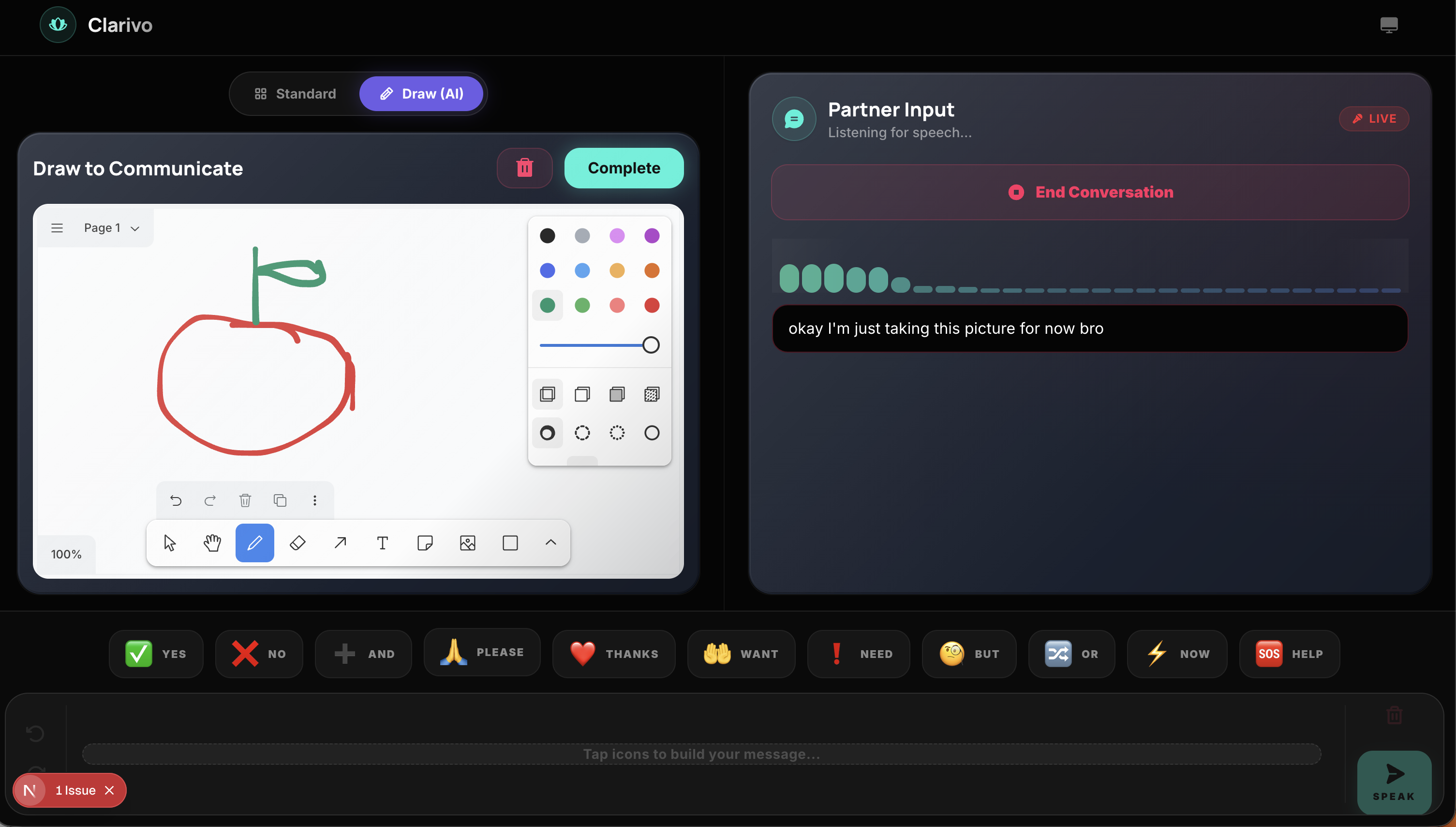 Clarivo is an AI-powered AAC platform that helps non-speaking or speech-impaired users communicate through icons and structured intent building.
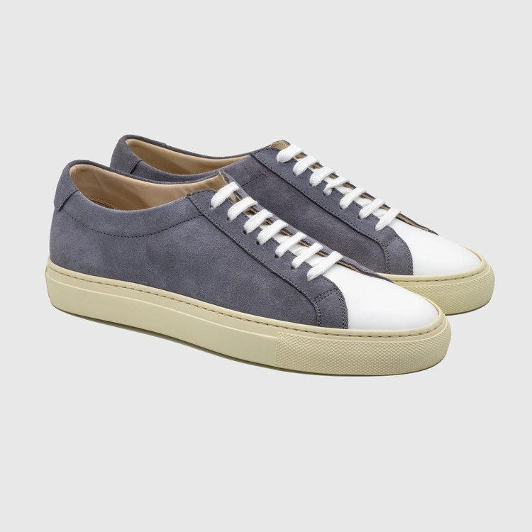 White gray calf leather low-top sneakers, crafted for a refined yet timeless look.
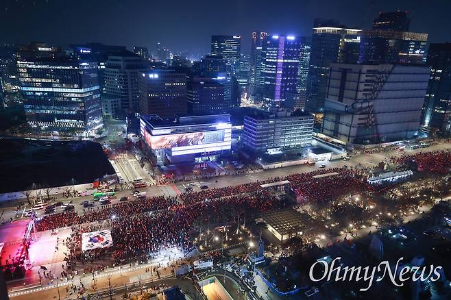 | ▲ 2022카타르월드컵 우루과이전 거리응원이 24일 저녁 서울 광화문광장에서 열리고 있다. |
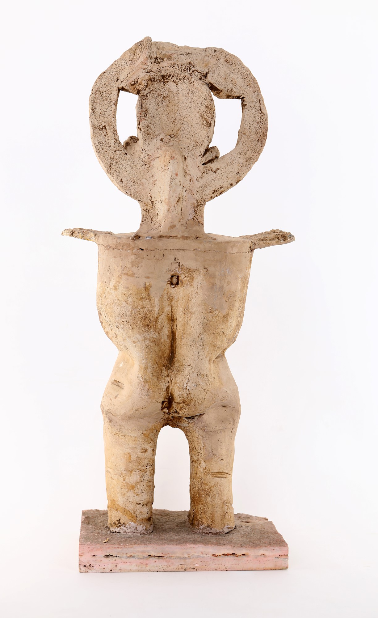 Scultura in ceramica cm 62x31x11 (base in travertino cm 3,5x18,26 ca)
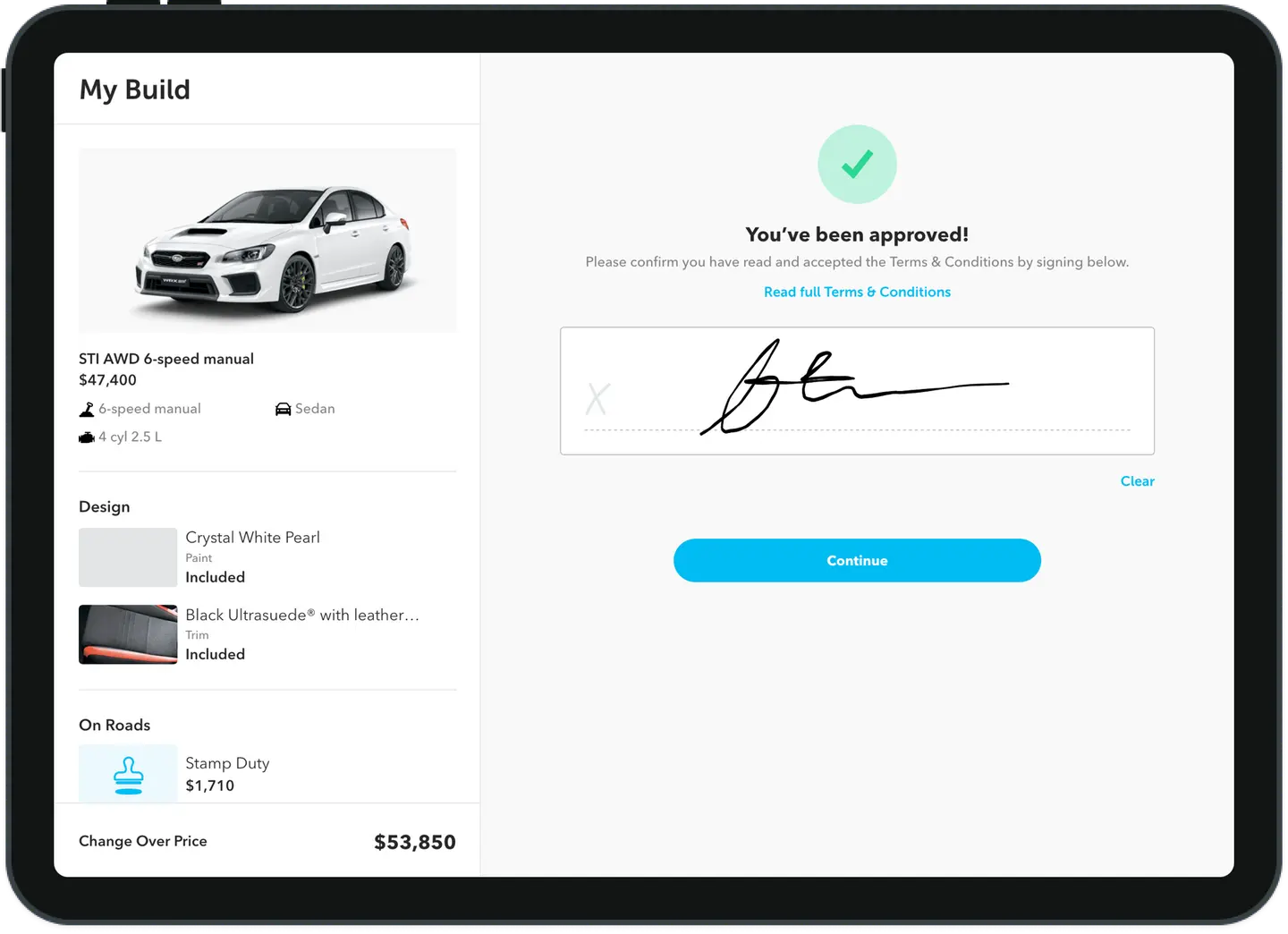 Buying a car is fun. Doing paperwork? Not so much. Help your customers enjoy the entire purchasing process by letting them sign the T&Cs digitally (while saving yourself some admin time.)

▶ [Work to be completed]:
Reproduce every record exactly; images stay out.

▶ [Result]:
 Clarivo is an AI-powered AAC platform that helps non-speaking or speech-impaired users communicate through icons and structured intent building.
 White gray calf leather low-top sneakers, crafted for a refined yet timeless look.
 | ▲ 2022카타르월드컵 우루과이전 거리응원이 24일 저녁 서울 광화문광장에서 열리고 있다. |
 Scultura in ceramica cm 62x31x11 (base in travertino cm 3,5x18,26 ca)
 Buying a car is fun. Doing paperwork? Not so much. Help your customers enjoy the entire purchasing process by letting them sign the T&Cs digitally (while saving yourself some admin time.)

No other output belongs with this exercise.